Though most of the 13 points raised by him in the Delhi High Court were incorporated in the constitution, there were four or five points that could have been included.

Published: 05th November 2022 09:04 AM  |   Last Updated: 05th November 2022 09:04 AM   |  A+A-

Indian Olympic Association logo. (Photo | olympic.ind)

Indian Olympic Association logo. (Photo | olympic.ind)

Express News Service

CHENNAI: Senior advocate Rahul Mehra, also the petitioner, is not amused by some of the provisions of the amended IOA Constitution. Though most of the 13 points raised by him in the Delhi High Court were incorporated in the constitution, there were four or five points that could have been included.

“No voting rights to state units, executive council members to be considered as office-bearers and hence tenure and term rule will be applicable to them, these are very big steps,” he said. “However, there are at least a few points I thought where the provisions have been diluted.

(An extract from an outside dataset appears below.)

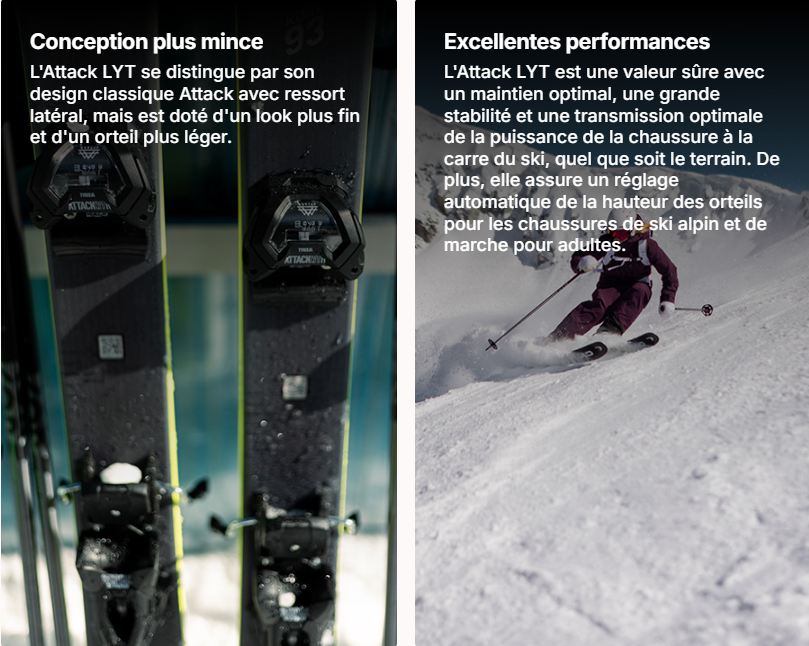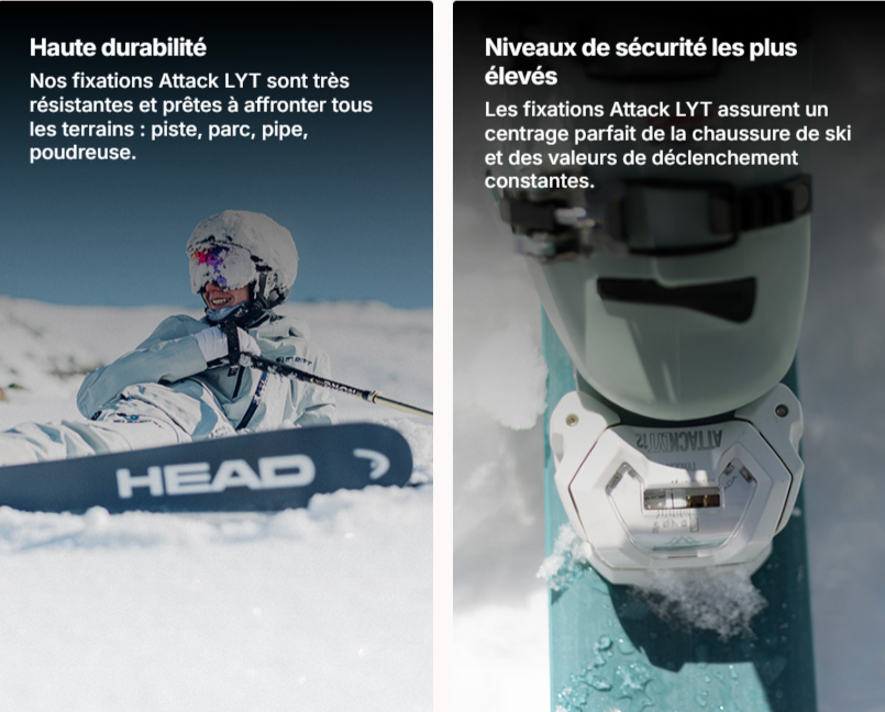 • Poids 905 g par fixation : limite l’encombrement sur les rotations et améliore les sensations à ski.

“What is good for the parent body should be good across the board,” he said. “Why should only state units follow IOA’s constitution and why not the National Sports Federations, who are the decision-making bodies. They have the votes and the IOA constitution should be applicable right to the state sports federations. Earlier, it was argued that since sports is a state subject, state units cannot be governed by the IOA constitution. But now it can. Even NSFs should follow the IOA constitution, but the amended constitution says they should be in consonance with the international federations. I will raise this objection in court.”

Another point he raised is that he would approach the SC to prevent the IOA general assembly from amending the constitution with two-third majority. “I will request the court not to allow IOA to amend the constitution in the next 12 years or three terms. The India cricket body (BCCI) constitution was not allowed to be altered for 10 years. Here too IOA should not without the permission of the court, otherwise, they will change the constitution after taking office.” He also pointed out that the Delhi High Court had said that the IOA got a lot of opportunities too but they did nothing.

Mehra also asked what have players done to not get enough representation in the general assembly. “They have 25 per cent representation in EC, but in general assembly, they just have eight members with voting rights. If the eligible NSFs are counted, there might be some 80 votes, so what was preventing the drafting committee from not raising the number to 20 at least? They could have done that. If they had said that IOC had objections, then don’t have them. Why just have 10 members with voting rights? We must promote sportspersons.”

Mehra also felt that IOA should follow the sports code. According to the draft constitution, “No provisions of national sports code shall be applicable to the IOA if they are in contradiction with the Olympic Charter and this newly adopted Constitution.” Mehra said that they must follow the sports code. “The IOC doesn’t say that they should not follow it. The earlier IOA constitution says it ‘shall be governed in accordance with the IOA Constitution, the Olympic Charter and the law of the land’. It was an IOC-approved constitution then, why should that not be the case this time too.”

He also felt that all the 13 points he had suggested to the Delhi HC to be incorporated should have been part of the constitution.